Ohlson was born on November 18, 1936, in Cherokee, Iowa and attended Bethel College before serving in the United States Marine Corps. After completing his military service, he attended the University of Minnesota, where he was awarded a degree in studio art in 1961. He moved to New York City, where he studied at Hunter College under abstract sculptor Tony Smith, but dropped out when he could no longer afford tuition. He worked as an assistant to Smith and started teaching at Hunter College in 1964.
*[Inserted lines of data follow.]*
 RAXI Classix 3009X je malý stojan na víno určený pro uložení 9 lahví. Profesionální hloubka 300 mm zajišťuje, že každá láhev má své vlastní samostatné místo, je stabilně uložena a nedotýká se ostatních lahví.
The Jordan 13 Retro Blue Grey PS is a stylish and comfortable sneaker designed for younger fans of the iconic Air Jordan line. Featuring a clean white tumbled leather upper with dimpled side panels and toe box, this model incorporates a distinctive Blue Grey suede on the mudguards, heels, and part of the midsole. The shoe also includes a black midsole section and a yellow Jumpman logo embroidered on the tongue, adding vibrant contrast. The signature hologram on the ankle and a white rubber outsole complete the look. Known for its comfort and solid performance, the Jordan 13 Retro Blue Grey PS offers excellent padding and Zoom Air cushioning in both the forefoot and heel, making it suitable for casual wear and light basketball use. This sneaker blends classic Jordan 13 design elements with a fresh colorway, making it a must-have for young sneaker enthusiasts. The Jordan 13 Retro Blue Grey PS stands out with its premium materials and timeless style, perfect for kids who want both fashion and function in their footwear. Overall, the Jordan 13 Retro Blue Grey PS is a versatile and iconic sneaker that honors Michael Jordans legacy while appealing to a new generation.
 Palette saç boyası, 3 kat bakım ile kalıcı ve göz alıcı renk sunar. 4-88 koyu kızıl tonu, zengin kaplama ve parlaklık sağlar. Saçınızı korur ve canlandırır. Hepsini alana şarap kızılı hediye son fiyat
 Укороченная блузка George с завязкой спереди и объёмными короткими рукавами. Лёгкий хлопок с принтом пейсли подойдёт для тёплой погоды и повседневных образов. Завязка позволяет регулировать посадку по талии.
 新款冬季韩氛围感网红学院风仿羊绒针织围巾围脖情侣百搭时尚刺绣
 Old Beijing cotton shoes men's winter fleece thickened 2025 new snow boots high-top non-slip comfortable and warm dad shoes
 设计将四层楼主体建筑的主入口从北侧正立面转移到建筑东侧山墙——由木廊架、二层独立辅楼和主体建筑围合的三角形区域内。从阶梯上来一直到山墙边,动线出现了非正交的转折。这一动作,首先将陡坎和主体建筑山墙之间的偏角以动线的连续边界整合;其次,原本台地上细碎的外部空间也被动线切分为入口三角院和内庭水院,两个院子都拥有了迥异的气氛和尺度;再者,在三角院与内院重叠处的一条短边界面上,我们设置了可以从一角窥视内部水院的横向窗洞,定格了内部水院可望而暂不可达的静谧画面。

Ohlson's early work was included in an exhibit organized by art historian E. C. Goossen at the Hudson River Museum titled "8 Young Artists" in 1964, and had a solo show that year at the Fischbach Gallery, the first of seven at that location. Goossen also included work by Ohlson in the 1968 exhibition "The Art of the Real: 1948-1968" at the Museum of Modern Art which focused on the development and history of geometric art in the United States. Sharply defined and repeated geometric shapes were characteristic of his earliest painting, that were described by Goossen as depicting "yellowish pink and green dawns, blue noons, and red-orange sunsets that swiftly slide from purple to black", hypothesizing that Ohlson's experience growing up and working long days on the family's farm gave him a unique passion for color. Ohlson was recognized with a Guggenheim Fellowship in 1968.

His works in the 1970s and 1980s, often featured at Susan Caldwell Inc., had characteristically rougher backgrounds. His later work was displayed in numerous solo exhibitions at the Andre Zarre Gallery, in addition to surveys of his work at Bennington College and at Hunter College, where he taught for 35 years. His works are included in the collections of the Brooklyn Museum, the Metropolitan Museum of Art and the Whitney Museum of American Art.

Ohlson died at age 73 on June 29, 2010, after a fall in front of his Manhattan apartment. He was survived by his second wife, Michele Toohey. He was divorced from his first wife, painter Jane Kaufman.